Task item: With the pictures left out, retype exactly the lines below starting at the line that contains "图:有色ETF华宝标的指数涨幅前十大成份股" and ending at the line that contains "Buxwaha (32 km)".

Information:
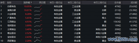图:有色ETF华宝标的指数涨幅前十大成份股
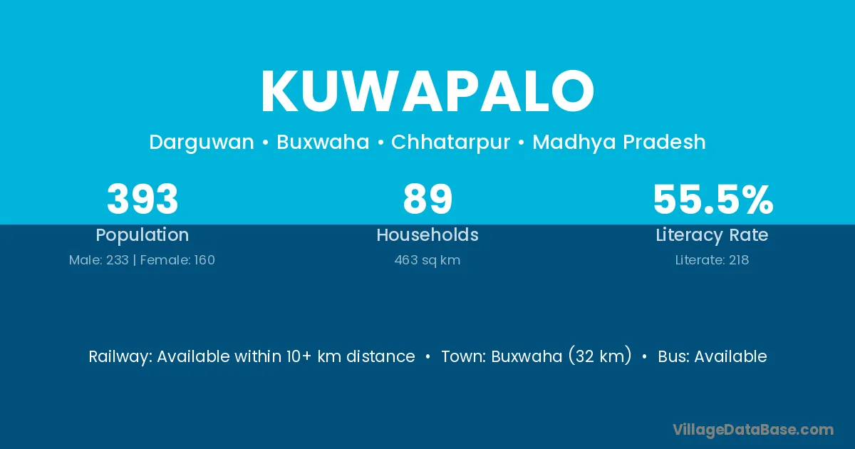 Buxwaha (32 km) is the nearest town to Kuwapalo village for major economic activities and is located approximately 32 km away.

* * *

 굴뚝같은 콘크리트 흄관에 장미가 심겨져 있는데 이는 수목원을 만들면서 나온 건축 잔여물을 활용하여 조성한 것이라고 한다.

---

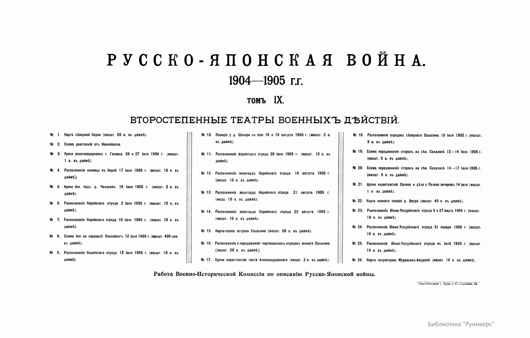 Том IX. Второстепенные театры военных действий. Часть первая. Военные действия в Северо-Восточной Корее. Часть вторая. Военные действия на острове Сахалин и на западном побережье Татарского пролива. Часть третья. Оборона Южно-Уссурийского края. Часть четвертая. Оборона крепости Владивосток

Your solution:
图:有色ETF华宝标的指数涨幅前十大成份股
 Buxwaha (32 km) is the nearest town to Kuwapalo village for major economic activities and is located approximately 32 km away.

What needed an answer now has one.